§ Task details:
Pictures stay out of the copy. Retype exactly, and only, the lines from the one containing "CHRISTIAN DIOR MADE" through the end of the listing below.

§ Information shown:
▼

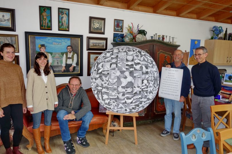 Bilderserien mit Augenpaaren, mit Priener Haustüren, mit Mitfahrern im Lift des Hauses „Leben mit Handicap“, das Mathias Stampfl selbst bewohnt, haben immer wieder zu Aufmerksamkeit und Ausstellungen geführt. Sein jüngstes Kunstwerk aus einer Reihe von Händen fand nicht nur den Gefallen in der Priener Pfarrkirche, in der Taufkapelle im Rahmen der „Priener Kunstzeit“ und beim Rosenheimer Landratsamt, sondern auch vom Bayerischen Staatsminister für Wissenschaft und Kunst Markus Blume. Der Landtagsabgeordnete schrieb unter anderem an die Familie Stampfl: „Das Alte Schloss Schleißheim beherbergt ein Zweigmuseum unseres Bayerischen Nationalmuseums. Die dort gezeigte beeindruckende interreligiöse und interkulturelle Dauerausstellung zur Fest- und Alltagskultur passt meines Erachtens bestens zum Werk Händekugel“. Aufgrund dieser Empfehlung machte sich Dr. Thomas Schindler, Referent für Volkskunde im Bayerischen Nationalmuseum zusammen mit den Praktikantinnen Judith Becki und Marie-Theres Wandinger auf den Weg nach Prien, um mit Mathias Stampfl und seiner Mutter Helga Näheres zu besprechen. Schnell war man sich zusammen mit dem Priener Verserlschreiber Ernst Reiter (Er verfasste dazu das Gedicht: „Wir sind eine Welt“) einig, den Wunsch des Ministers umzusetzen und zunächst die organisatorischen und technischen Voraussetzungen zu planen. Mathias Stampfl freute sich sichtlich, hatte er doch mit seiner Familie und den Freunden der Familie eineinhalb Jahre am Kunstwerk „Hände“ gearbeitet. Die Ausstellung im Alten Schloss Schleißheim soll im kommenden Jahr erfolgen.
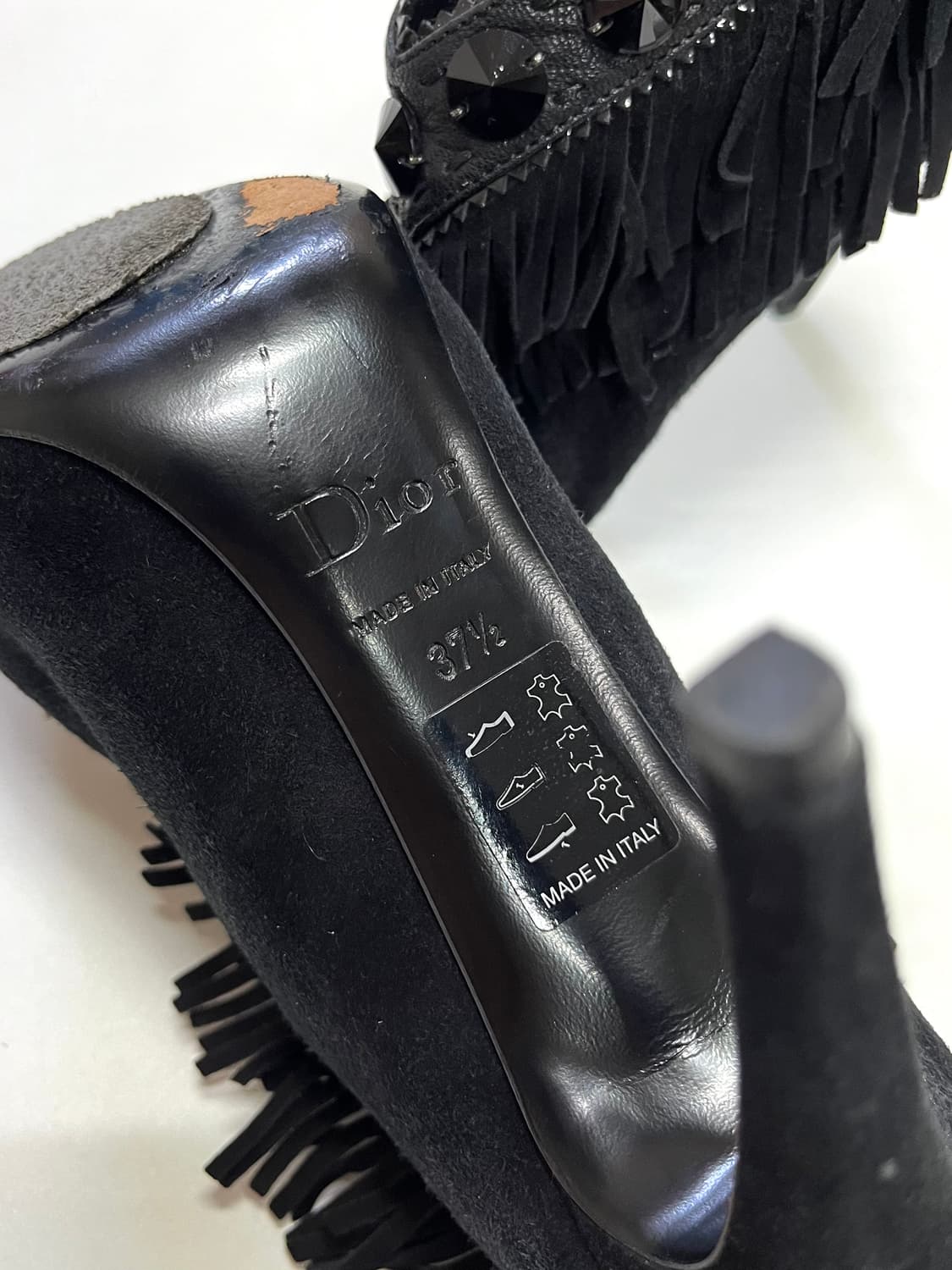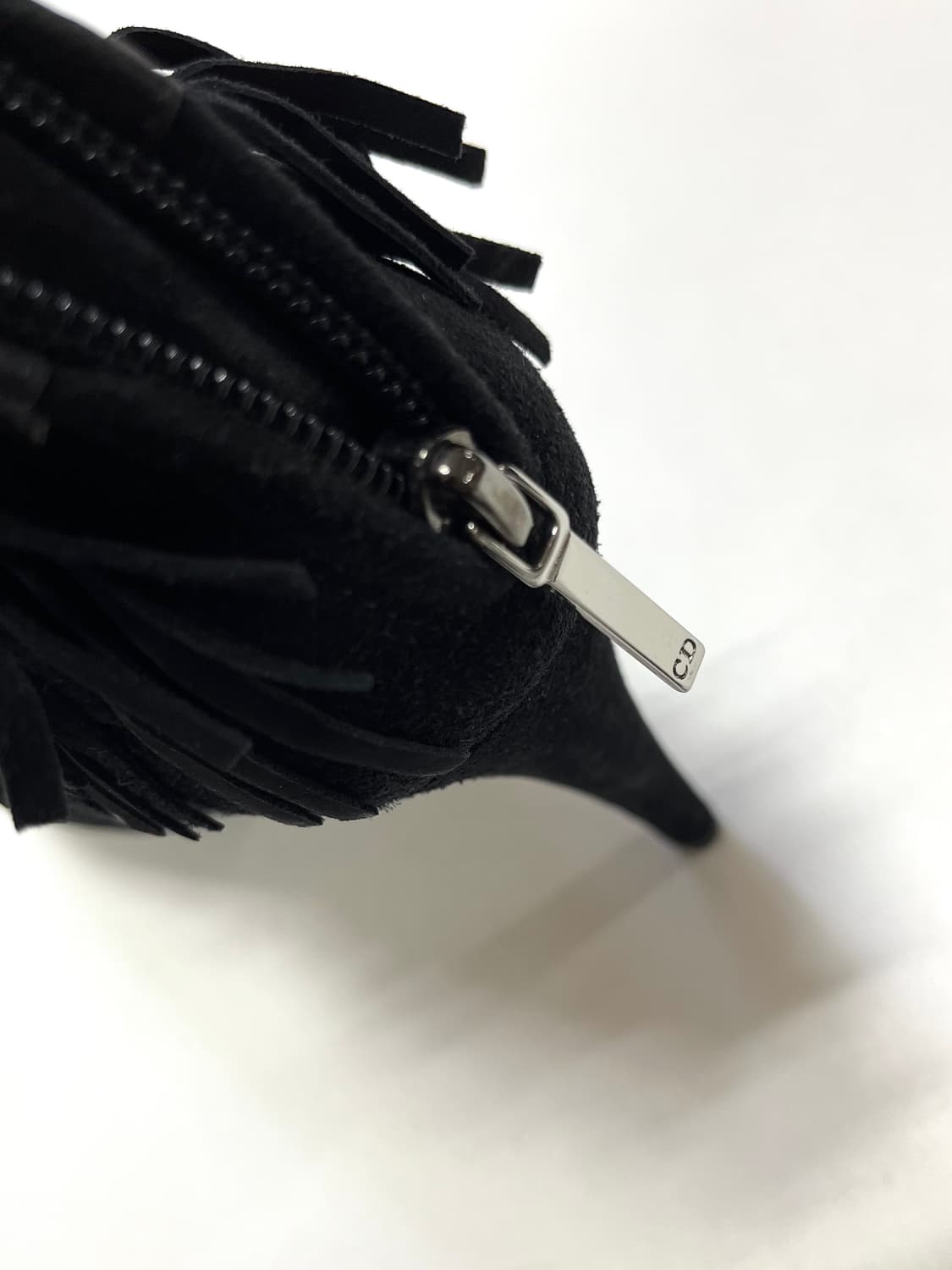 CHRISTIAN DIOR MADE IN ITALY YKK ZIPPER 스웨이드로 제작된 프린지 디테일이 매력적인 크리스찬 디올의 런웨이로 발매된 앵클 부츠 제품 입니다 전체적인 쉐잎과 프린지 장식의 조화가 고급스러운 제품으로, 착용 실루엣이 매력적입니다 size: 37 1/2 (240-245) condition: 9/10 (오염 및 결함 없는 상태의 제품)
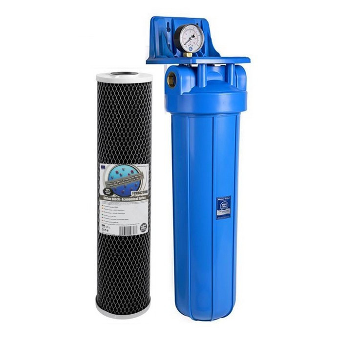 Магістарльний фільтр Big Blue FH20B1-B-WB 20" також оснащений повітряним клапаном, який дозволяє стравлювати повітря при заміні картриджа, і манометр, який контролює рівень забруднення фільтруючого 20 дюймового картриджа.

▲

§ Your solution:
 CHRISTIAN DIOR MADE IN ITALY YKK ZIPPER 스웨이드로 제작된 프린지 디테일이 매력적인 크리스찬 디올의 런웨이로 발매된 앵클 부츠 제품 입니다 전체적인 쉐잎과 프린지 장식의 조화가 고급스러운 제품으로, 착용 실루엣이 매력적입니다 size: 37 1/2 (240-245) condition: 9/10 (오염 및 결함 없는 상태의 제품)
 Магістарльний фільтр Big Blue FH20B1-B-WB 20" також оснащений повітряним клапаном, який дозволяє стравлювати повітря при заміні картриджа, і манометр, який контролює рівень забруднення фільтруючого 20 дюймового картриджа.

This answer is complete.